Stephen Wolfram is writing about ChatGPT; how, and why it works.
“And the more it’s fundamentally trainable, the less it’s going to be able to do sophisticated computation.”
Or, as we used to say back in the ’90s: Information wants to be free.
“In earlier days of neural nets, there tended to be the idea that one should “make the neural net do as little as possible”. For example, in converting speech to text it was thought that one should first analyze the audio of the speech, break it into phonemes, etc. But what was found is that—at least for “human-like tasks”—it’s usually better just to try to train the neural net on the “end-to-end problem”, letting it “discover” the necessary intermediate features, encodings, etc. for itself.
There was also the idea that one should introduce complicated individual components into the neural net, to let it in effect “explicitly implement particular algorithmic ideas”. But once again, this has mostly turned out not to be worthwhile; instead, it’s better just to deal with very simple components and let them “organize themselves” (albeit usually in ways we can’t understand) to achieve (presumably) the equivalent of those algorithmic ideas.
That’s not to say that there are no “structuring ideas” that are relevant for neural nets. Thus, for example, having 2D arrays of neurons with local connections seems at least very useful in the early stages of processing images. And having patterns of connectivity that concentrate on “looking back in sequences” seems useful—as we’ll see later—in dealing with things like human language, for example in ChatGPT.”
Wolfram’s writing here is going to be pivotal. He’s telling the people who don’t yet believe that LLMs can’t possibly have anything in common with people that they do (language). Also that we are going to not understand AI for quite a while, until we finally do understand the nature and science of thought.
What an incredible time to be alive.
Right as quantum computers are starting to be developed.
It’s obvious, in retrospect, this is the exact thing that was happening with DALL-E: completely unexpected, uncanny ability to mimic what humans are capable of, using a method that isn’t exactly the same as ours, but is mathematically similar.
“If one looks at the longest path through ChatGPT, there are about 400 (core) layers involved—in some ways not a huge number. But there are millions of neurons—with a total of 175 billion connections and therefore 175 billion weights. And one thing to realize is that every time ChatGPT generates a new token, it has to do a calculation involving every single one of these weights.

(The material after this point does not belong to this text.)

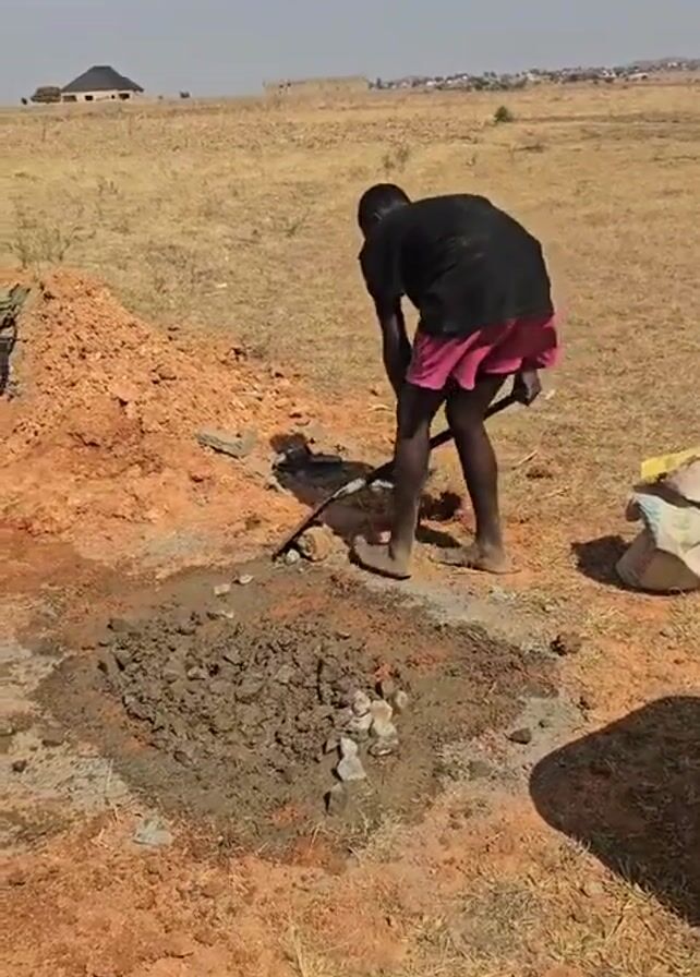 two men working on a construction project in a dry, open field with sparse vegetation. One man, wearing a black shirt and pink shorts, is mixing cement with a shovel. Another man, wearing a white shirt and jeans, is standing near a partially constructed square structure made of concrete blocks. A blue lid is placed on top of the structure. A pile of dirt is visible in the background. There are also several cinder blocks lying on the ground around the structure. In the distance, there are a few buildings. The sky is clear and the weather appears to be sunny.

Implementationally these calculations can be somewhat organized “by layer” into highly parallel array operations that can be conveniently be done on GPUs. But for each token that’s produced, there still have to be 175 billion calculations done (and in the end a bit more)—so that, yes, it’s not surprising that it can take a while to generate a long piece of text with ChatGPT.”
The human brain has billions of neurons and trillions of connections. Arguments that ChatGPT isn’t as smart as we are, or that it makes things up, are skipping right over the headline and getting lost in the details.

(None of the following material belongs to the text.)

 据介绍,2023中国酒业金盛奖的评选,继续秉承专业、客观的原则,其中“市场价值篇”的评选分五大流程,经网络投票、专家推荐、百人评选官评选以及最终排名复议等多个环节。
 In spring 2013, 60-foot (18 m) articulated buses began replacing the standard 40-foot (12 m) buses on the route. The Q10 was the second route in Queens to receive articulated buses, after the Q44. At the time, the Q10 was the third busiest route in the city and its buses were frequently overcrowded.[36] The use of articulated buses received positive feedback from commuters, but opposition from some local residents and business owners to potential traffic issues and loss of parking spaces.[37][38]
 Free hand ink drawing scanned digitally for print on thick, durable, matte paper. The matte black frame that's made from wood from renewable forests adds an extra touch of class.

“It has to be emphasized again that (at least so far as we know) there’s no “ultimate theoretical reason” why anything like this should work. And in fact, as we’ll discuss, I think we have to view this as a—potentially surprising—scientific discovery: that somehow in a neural net like ChatGPT’s it’s possible to capture the essence of what human brains manage to do in generating language.”
“Language is very powerful. Language does not just describe reality. Language creates the reality it describes.” —Desmond Tutu
“With modern GPU hardware, it’s straightforward to compute the results from batches of thousands of examples in parallel. But when it comes to actually updating the weights in the neural net, current methods require one to do this basically batch by batch. (And, yes, this is probably where actual brains—with their combined computation and memory elements—have, for now, at least an architectural advantage.)”

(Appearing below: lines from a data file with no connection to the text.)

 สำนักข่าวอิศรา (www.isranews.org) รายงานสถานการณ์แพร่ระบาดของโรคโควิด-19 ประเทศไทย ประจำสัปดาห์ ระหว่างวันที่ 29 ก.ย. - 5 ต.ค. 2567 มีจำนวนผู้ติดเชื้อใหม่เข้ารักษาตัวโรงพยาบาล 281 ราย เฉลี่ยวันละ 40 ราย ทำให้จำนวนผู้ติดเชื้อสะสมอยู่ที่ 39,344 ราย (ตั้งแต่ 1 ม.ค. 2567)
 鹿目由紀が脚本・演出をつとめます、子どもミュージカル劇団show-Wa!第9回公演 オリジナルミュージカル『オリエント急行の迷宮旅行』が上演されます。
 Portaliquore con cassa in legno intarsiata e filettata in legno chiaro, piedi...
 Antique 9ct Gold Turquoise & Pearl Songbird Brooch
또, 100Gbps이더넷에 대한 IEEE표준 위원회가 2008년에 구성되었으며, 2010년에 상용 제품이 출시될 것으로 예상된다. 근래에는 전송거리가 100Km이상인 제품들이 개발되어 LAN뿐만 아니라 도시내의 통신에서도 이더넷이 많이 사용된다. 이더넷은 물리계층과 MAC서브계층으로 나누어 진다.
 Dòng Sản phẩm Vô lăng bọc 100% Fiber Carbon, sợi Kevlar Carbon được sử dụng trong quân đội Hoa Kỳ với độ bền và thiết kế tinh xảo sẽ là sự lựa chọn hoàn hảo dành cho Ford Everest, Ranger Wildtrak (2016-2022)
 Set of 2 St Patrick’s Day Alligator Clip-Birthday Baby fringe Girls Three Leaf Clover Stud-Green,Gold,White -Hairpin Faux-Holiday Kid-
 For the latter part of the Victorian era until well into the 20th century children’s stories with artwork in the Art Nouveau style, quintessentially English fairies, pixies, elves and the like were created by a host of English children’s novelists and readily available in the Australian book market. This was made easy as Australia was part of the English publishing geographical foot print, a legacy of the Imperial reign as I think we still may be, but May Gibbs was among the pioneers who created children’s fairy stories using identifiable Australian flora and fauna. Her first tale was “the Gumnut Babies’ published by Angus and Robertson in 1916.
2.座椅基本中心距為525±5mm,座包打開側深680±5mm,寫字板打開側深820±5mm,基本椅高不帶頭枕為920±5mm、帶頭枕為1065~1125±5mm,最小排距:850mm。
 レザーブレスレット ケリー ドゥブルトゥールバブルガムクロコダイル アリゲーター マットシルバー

They don’t have to be human to be intelligent.
“And indeed, much like for humans, if you tell it something bizarre and unexpected that completely doesn’t fit into the framework it knows, it doesn’t seem like it’ll successfully be able to “integrate” this. It can “integrate” it only if it’s basically riding in a fairly simple way on top of the framework it already has.”
We’re all having trouble distinguishing reality from fantasy these days. It may even be inherent in the network.
I was reading an article about shadows in artwork. Apparently, humans have a “best guess” model of physics in our heads.
“Because we do not notice them, transgressions of physics reveal that our visual brain uses a simpler, reduced physics to understand the world.”
https://thereader.mitpress.mit.edu/the-art-of-the-shadow-how-painters-have-gotten-it-wrong-for-centuries/
Before ChatGPT started being diverted to using a more computationally-intensive method for solving equations, it was coming up with numbers. It’s often described as “hallucinating” answers, but that is terribly imprecise language. There are times when ChatGPT becomes unmoored from what we understand as reality. It’s becoming more and more clear that ChatGPT has a model of reality that is similar to ours, but which diverges in some significant ways. There may be times when “hallucination” is more apt, and there may be times when “pulled a number out of its ass” would be even more apt.
I’m not seeing this as deviating significantly from human thought processes when we are searching for elusive answers. The mechanism is decidedly different, but it wouldn’t be emergent behavior if it was something that wasn’t greater than the sum of its parts.
“ChatGPT doesn’t have any explicit “knowledge” of such rules [grammar]. But somehow in its training it implicitly “discovers” them—and then seems to be good at following them. So how does this work? At a “big picture” level it’s not clear.”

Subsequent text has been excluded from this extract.